• OPINION \ Aug 08, 2007
    reads 4282
    Fuller President: Palestinian Christians are part of theological "Israel"
Fuller President: Palestinian Christians are part of theological A letter to President Bush made public last week, signed by a group of evangelicals, myself included, is getting some attention. The letter encourages our government to work for a two-state solution in Israel.

I am receiving some positive feedback, but also a few angry denunciations. The Palestinian-Israeli situation is notoriously complex, and it is especially difficult for evangelicals to address calmly because of the prominent strand of “Bible prophecy” thinking in our midst. John Hagee is causing some of the fuss these days on that score. For him, the borders of Israel promised in the Old Testament are inviolable, and we need to support Israel’s right to all of that territory without compromise. He sees no place for any criticism of the Israeli government’s treatment of Palestinians.

Several years ago, the Ethics and Public Policy Center in Washington brought together about 30 evangelicals for a closed-door session on these matters. Several of us who signed last week’s letter were there, along with a number of the more vocal defenders of the policies of recent Israeli governments. We did not make much headway, but for me the discussion revealed a key theological issue that needs to be addressed: the question of our theological understanding of Palestinian Christians.

This is a big subject, so I can only briefly outline my own take on it here. I do not support a “replacement” theology regarding the theological identity of “Israel”–I did earlier in my career, but I have changed my view in recent years. God’s original covenant was with the ethnic people, Israel, and that covenant has not been cancelled. We Gentile Christians are not a “new Israel” in a replacement sense. Rather we have been grafted onto Israel. In these latter days, the Lord now says also to Gentile Christians, “but you are a chosen race, a royal priesthood, a holy nation, God’s own people” (I Peter 2:9).

On this view, then, Palestinian Christians are a part of Israel, theologically speaking. To support the cause of Israel in the Middle East is to understand “Israel” to be a broader entity than the nation that presently goes by that name.

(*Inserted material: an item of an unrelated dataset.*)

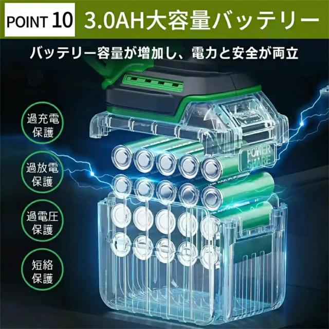 草刈り機は、21V 2100Wの高性能モーターを搭載しています。内部には太い銅線を巻き付けることで、強力なパワーと長寿命を実現しています。弊社の草刈り機は、40000回転/分の高速回転を実現しています。稼働中の騒音が非常に低く、高い切断効率を実現し、草が絡まる心配がありません。改良された草刈り機の本体重量を4kg以内に抑えたことで、操作が軽くなり。さらに、長時間の使用でも安定したパフォーマンスを提供し、快適な草刈り体験をお届けします。

When we posed these issues in Washington, our evangelical friends who give strong political support to the Israeli government had no good theological answer to our question: How do you understand, theologically, the Palestinian Christians, and what are God’s promises to them? The irony is, of course, that on a practical level, many of these same defenders of Israeli policies are also outspoken defenders of religious freedom–and rightly so. If the Egyptian government persecutes Christians they are quick to protest. But we hear nothing from them about the plight of the Palestinian Christians at the hands of the Israeli government.

This silence has much to do with a tendency to depict the tensions in the Middle East as Jews versus Muslims. What gets lost in this depiction is the plight of Arab Christians, who get shot at from both sides.

I have said this privately to my Jewish friends on many occasions: on the big issues of Israel versus the Muslim-dominated nations, I am a supporter of Israel. But the Palestinian Christian poses for me very special theological and spiritual questions. Those questions ought to be high on the theological agenda of evangelicalism. Unfortunately, they get no serious attention in the circles where people claim to be basing their views on “God’s plan for Israel.”